Cuando el papa Francisco, por ejemplo, pide la apertura incondicional de Europa a los menesterosos se ha convertido en una criatura más que cree en los milagros, pero no en los de la fe sino en los de cierta política imaginaria, como muy crudamente le ha reprochado el expresidente del Senado Marcello Pera en Italia, lo que no sería sino otra manera de negar la política por lo que siempre se le ha contrapuesto, la pureza e integridad del ideal, lo que olvida de forma negligente que la política no es mera palabra, sino acción, iniciativa posible, pacto, convivencia frente a guerra abierta, arreglo con quienes se nos oponen y cuya libertad les llevará a poder hacer cosas que no nos gusten.
El fin de la historia
Hace sólo 25 años cuando Fukuyama escribió El fin de la Historia, afirmaba que la disolución del bloque comunista iba a suponer el triunfo definitivo de la democracia liberal, el fin de las guerras y las revoluciones sangrientas, porque la economía lograría satisfacer nuestras demandas de reconocimiento sin necesidad de batallas. Se le escapaban, me parece, algunos detalles de interés y, en todo caso, el mundo no parece haber apostado por adaptarse a sus predicciones. Las democracias mismas aparecen desorientadas, incapaces de sobreponerse a convulsiones internas, a demandas sin seso, prisioneras de muchedumbres desconcertadas y descontentas, capaces de aplicar soluciones que empeorarían infinitamente los problemas, pero que tienen la virtud aparente de satisfacer unas exigencias supuestamente irrenunciables, de identidad, de género, de igualdad y de diversidad, sin reparar para nada en que puedan resultar directamente contrarias.

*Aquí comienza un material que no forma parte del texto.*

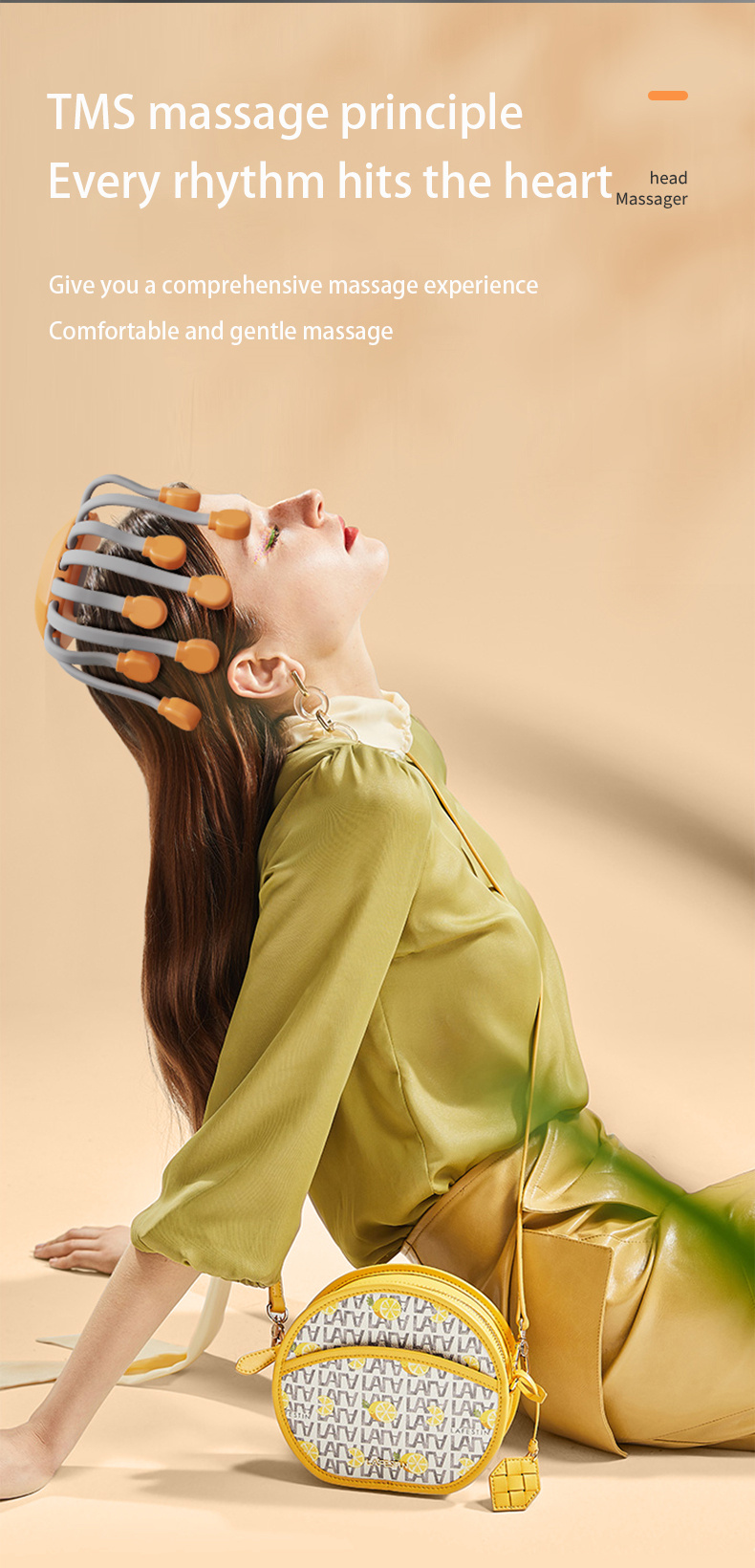 Start massage: Place the massager gently on the head and slowly move it to cover the entire scalp;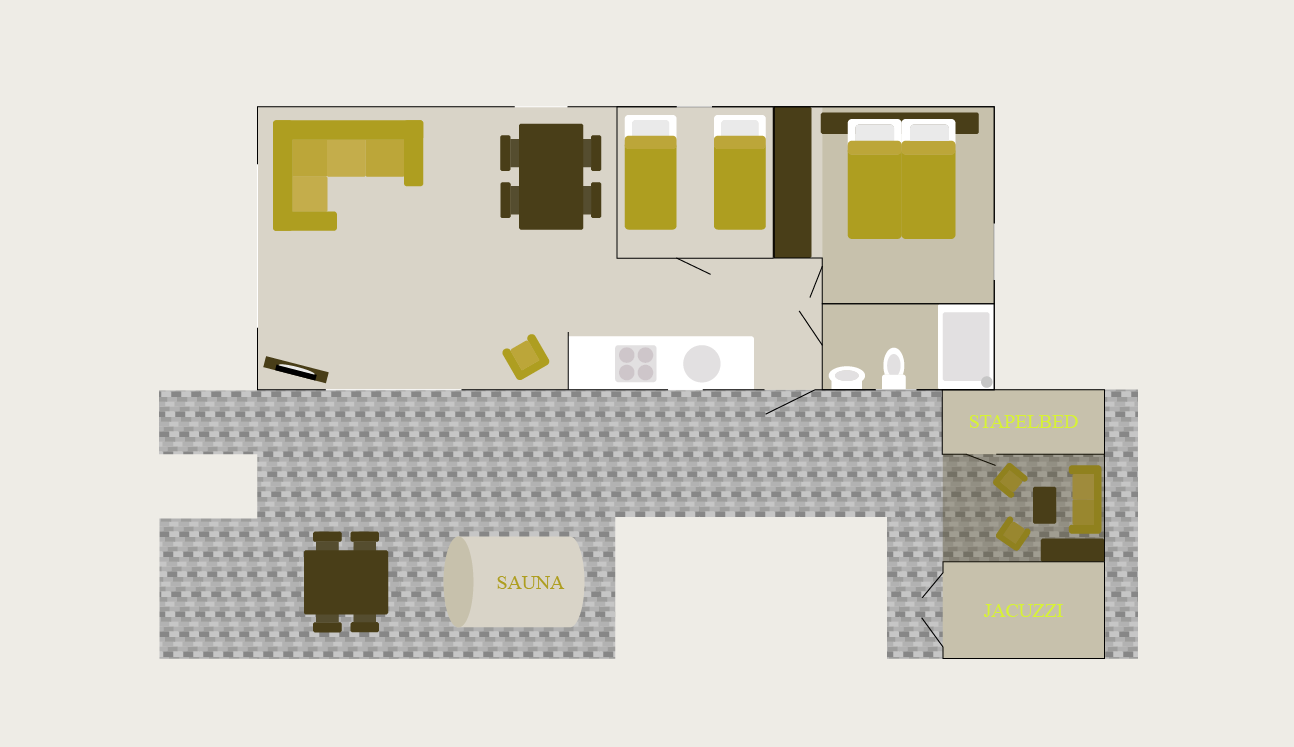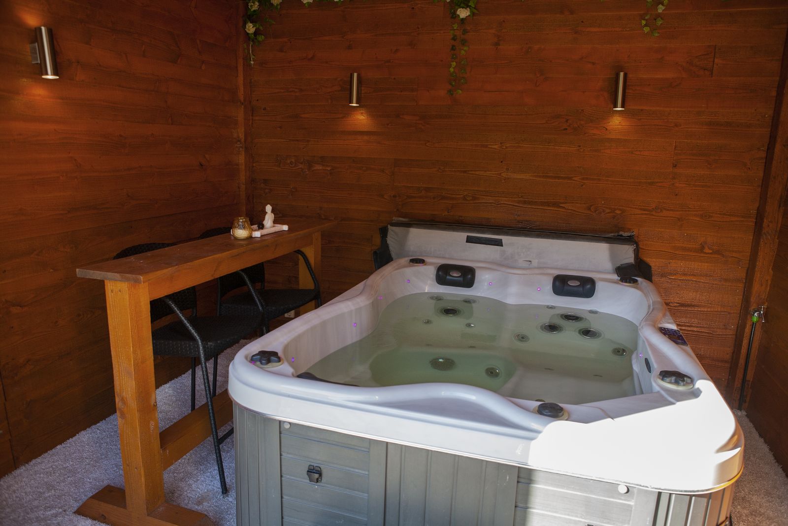 Het chalet heeft drie slaapkamers: één met een tweepersoonsbed, één met twee eenpersoonsbedden en een knus bijgebouw met een stapelbed. Het bijgebouw herbergt ook de luxe jacuzzi, waardoor een privéruimte ontstaat om te ontspannen. De badkamer is voorzien van een ruime douche, wastafel en toilet.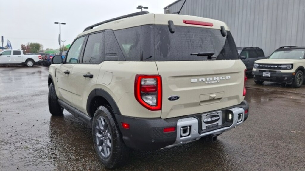 A 1.5L EcoBoost engine accompanied by an 8-Speed Automatic transmission is going to get you where you want to go and then some! Get there in style and comfort with a Desert Sand exterior and Medium Light Smoked Truffle w/Cloth w/Easy-to-Clean Front Bucket Seats interior in this 2025 Ford Bronco Sport Big Bend.

La economía, por su parte, tampoco la ha hecho demasiado bien, entre otras cosas porque no se puede librar de las cadenas políticas, así que en lugar de más libertad y prosperidad parece que hayamos de vivir en un panorama de ruina moral y deslegitimación, ese diagnóstico que acaba haciendo posibles los esperpentos políticos que tanto abundan. Como ya lo vio Tocqueville, la pasión por la igualdad acaba ahogando las libertades y haciendo imposible, es decir, extremadamente difícil, la política misma, porque la perversión del deseo conduce a la pasión de impedir y de obligar.
El panorama español
Si esa es la situación en el mundo, desde Inglaterra y Francia hasta los EE. UU., el caso español presenta algunas dificultades adicionales debido al empeño en la mezquindad en que gustan afincarse las diversas fuerzas políticas, enteramente ayunas de cualquier plan que no sea la extensión de sus poderes a costa de lo que fuere. Lo que llamamos nuestra política suele reducirse a una repetición ad nauseam de las mismas consignas, de los mismos estímulos, lo que no impide que algunos se atrevan a hablar de nueva política, una expresión ya más que centenaria, por cierto.